Cerca:
Home Disoccupazione, la situazione non cambia

Disoccupazione, la situazione non cambia

A febbraio 2015 – secondo mese di applicazione della decontribuzione per le assunzioni a tempo indeterminato – l’occupazione, al netto della stagionalità, segna una flessione dello 0,2% rispetto a dicembre 2014. Nel confronto europeo pubblicato da Eurostat si osserva che da inizio anno il numero dei disoccupati in Italia è invariato mentre nei paesi dell’Unione si è ridotto in media dello 0,8%; nel dettaglio le persone in cerca di lavoro si riducono dell’1,9% in Spagna, dell’1,7% in Germania mentre aumentano dello 0,2% in Francia.

Per creare occupazione non appare sufficiente la via delle riforme, che va combinata con apprezzabili e stabili incrementi della domanda.

Schermata 2015-04-02 alle 16.13.55

“I disoccupati – si legge nel rapporto dell’Istituto di statistica – aumentano su base mensile dello 0,7% (+23 mila). Dopo il forte calo registrato a dicembre, seguito da un’ulteriore diminuzione a gennaio, a febbraio il tasso di disoccupazione sale di 0,1 punti percentuali, tornando al 12,7%, lo stesso livello di dicembre e di 0,2 punti più elevato rispetto a febbraio 2014. Nei dodici mesi il numero di disoccupati è cresciuto del 2,1% (+67 mila). Il numero di individui inattivi tra i 15 e i 64 anni mostra un lieve incremento nell’ultimo mese (+0,1%), rimanendo su valori prossimi a quelli dei due mesi precedenti. Il tasso di inattività si mantiene stabile al 36,0%, contro il 36,4% di febbraio 2014. Su base annua gli inattivi diminuiscono dell’1,4% (-204 mila)”.

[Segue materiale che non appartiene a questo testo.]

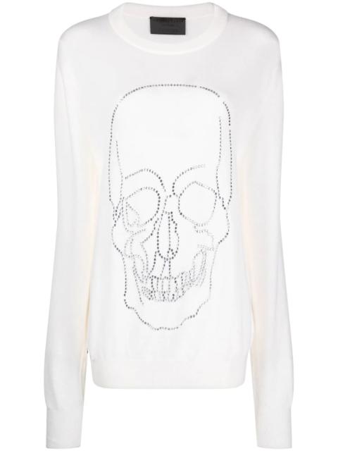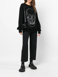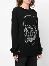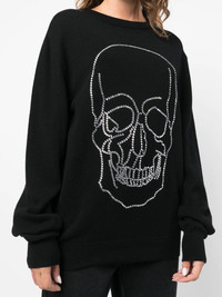 studded-skull cashmere pullover black cashmere round neck skull stud detailing long sleeves ribbed cuffs ribbed hem Made in Italy Composition Cashmere 100% SIZE & FIT Model measurements Height 5 ft 9 in(1.75 m) Bust/Chest 32.67 in(83 cm) Hips 36.22 in(92 cm) Waist 24.8 in(63 cm) FittingInformation This piece fits true to size. We recommend you get your regular size Cut for a loose fit Made with a mid-weight fabric Washing instructions Hand Wash

I recenti dati diramati dall’Istat indicano che nella media degli ultimi tre mesi il fatturato del manifatturiero diminuisce dello 0,1% rispetto ai tre mesi precedenti, calo tutto concentrato sulla domanda interna (-0,6%) mentre cresce (+1,0%) il fatturato estero. Nel comparto dei servizi nel quarto trimestre del 2014 l’indice del fatturato dei servizi – in questo caso sono disponibili i dati per una analisi tendenziale – registra un aumento dello 0,8% rispetto allo stesso periodo dell’anno precedente ritornando in positivo dopo 2 trimestri negativi; nell’intero anno 2014 il fatturato dei servizi è a ‘crescita zero’.
Infine uno sguardo al settore delle costruzioni: nonostante i recenti deboli segnali di risalita, l’indice della produzione nelle costruzioni nella media del trimestre novembre 2014-gennaio 2015 è diminuito dell’1,6% rispetto ai tre mesi precedenti.

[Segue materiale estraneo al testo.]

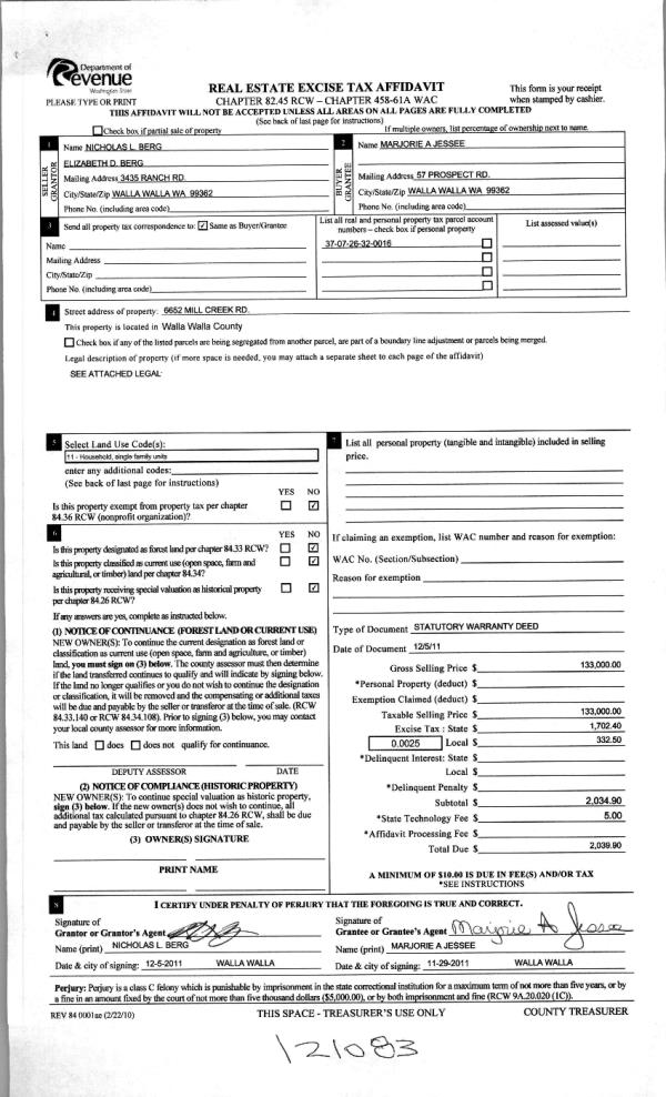| Mailing Address: | 6652 MILL CREEK RD WALLA WALLA, WA 99362 | % Ownership: | 100.0000000000% |

Anche per rispondere alla profonda crisi delle costruzioni – ma non solo – le politiche per favorire il lavoro si devono concretizzare in un adeguato apporto di domanda pubblica per investimenti; al contrario, invece, la spesa della PA per investimenti in Italia mostra un profilo decrescente: dal 2,8% del Pil nel 2011 gli investimenti pubblici scendono al 2,2% nel 2015 e proseguiranno la discesa (2,1%) nel 2016.

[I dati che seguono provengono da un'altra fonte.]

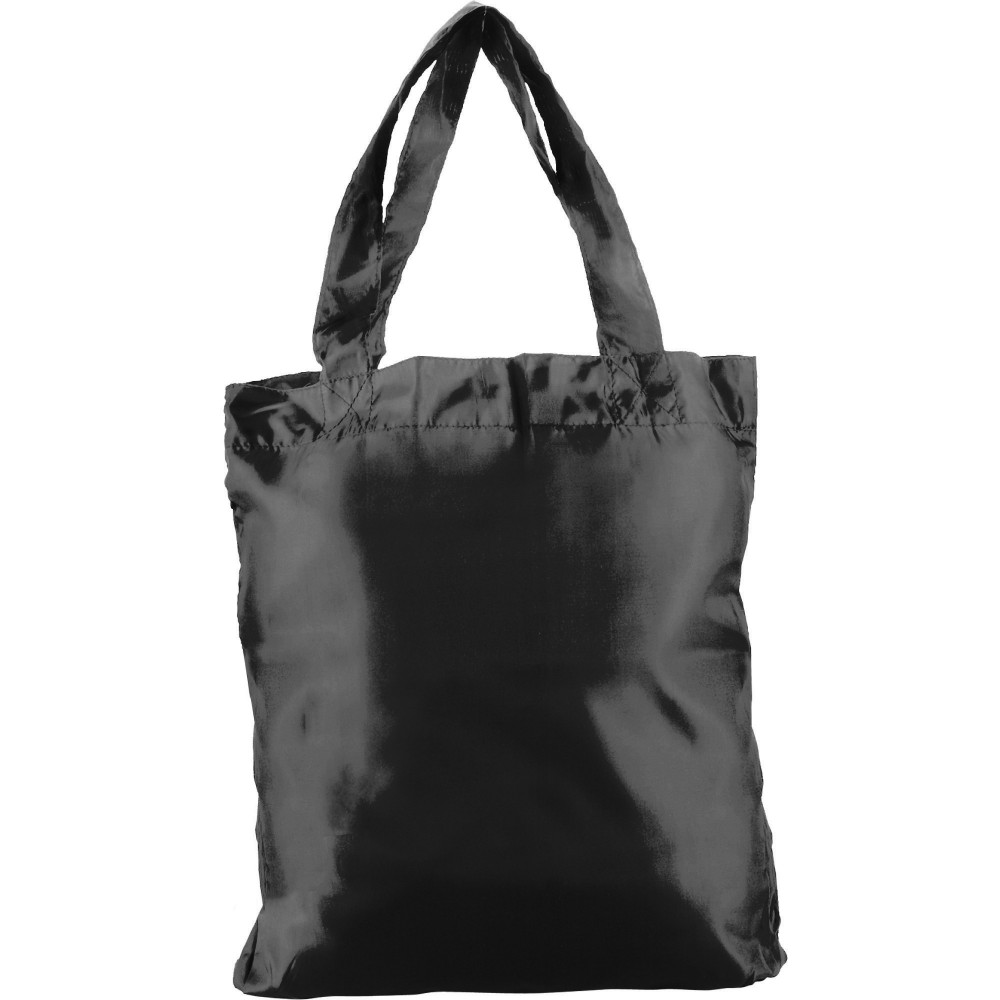 Összehajtható bevásárlótáska övre akasztható tokban. 190T poliészter. Nyitott méret (fül nélkül): 42 x 41 cm.

Come ben segnalato nel recente esame della finanza pubblica dalla Corte dei conti, sul fronte del contenimento della spesa pubblica “il riequilibrio realizzato nel quadriennio è caratterizzato da un crescente sacrificio degli investimenti e delle spese in conto capitale. Una tendenza che accomuna amministrazione centrale ed amministrazioni territoriali”.